JGinNJ 11-13-2020 03:33 PM

Older archtops, before amplification, have fatter necks. It may have been the style, but it's also likely because fatter strings and high action were needed for volume. I'm not sure, but they may not have had truss rods, either.

A lot of the new production archtops come a couple of factories in Korea, even if they say Guild, epiphone, or D'Angelico on them, though Epiphone went to Indonesia. And, most have laminate tops and thick urethane-type finishes.

Eastman's are OK, though the ones I tried sounded rather bright. Steve is right about Loar's neck shape, and the sound is the opposite, kind of dull.
Peerless might be one to check out. Honestly I think you're looking at upwards of 2K for a carved top.

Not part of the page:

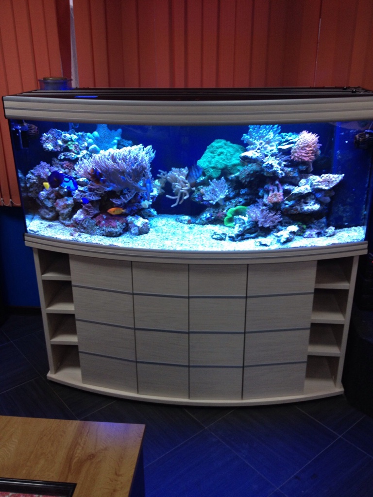 А это ваш аквариум. Этот аквариум на 700 литров. У меня точно такой же цвет и форма только на 300 литров. Сейчас стоят два светильника светодиодных и они сильно не греют да и на покрывных крышках есть отверстия сейчас в аквариуме 25 градусов. Свет можно переделать опять же у биодизайна, у них есть светильники для моря.В закрытой банке наверняка столкнетесь с перегревом, поэтому озаботьтесь покупкой холодильника, да и свет Вам вероятно придется менять, хотя бы на биодизайновский гибрид с т5, если посчитать затраты на такой апгрейд-будет тысяч 25 минимум(если попадется недорогой холодильник). В остальном-можно содержать в таком аквариуме мягкоту, пусть не самую яркую, но жить будет.

Ray175 11-20-2020 02:27 PM

If you plan to play acoustically to any degree, go for a model with a floating pickup, since built-in pickups will deaden and alter the acoustic sound considerably. Can't beat Pete Biltoft or Kent Armstrong floating pickups for a good jazz sound - alternatively, consider a DeArmond Chieftain "monkey on a stick"
For a guitar, consider having a fully carved one built by Mr Wu in China. Over at the Jazz guitar forum ( you'll find some very happy jazz bunnies who have commissioned guitars from him - well within your price range.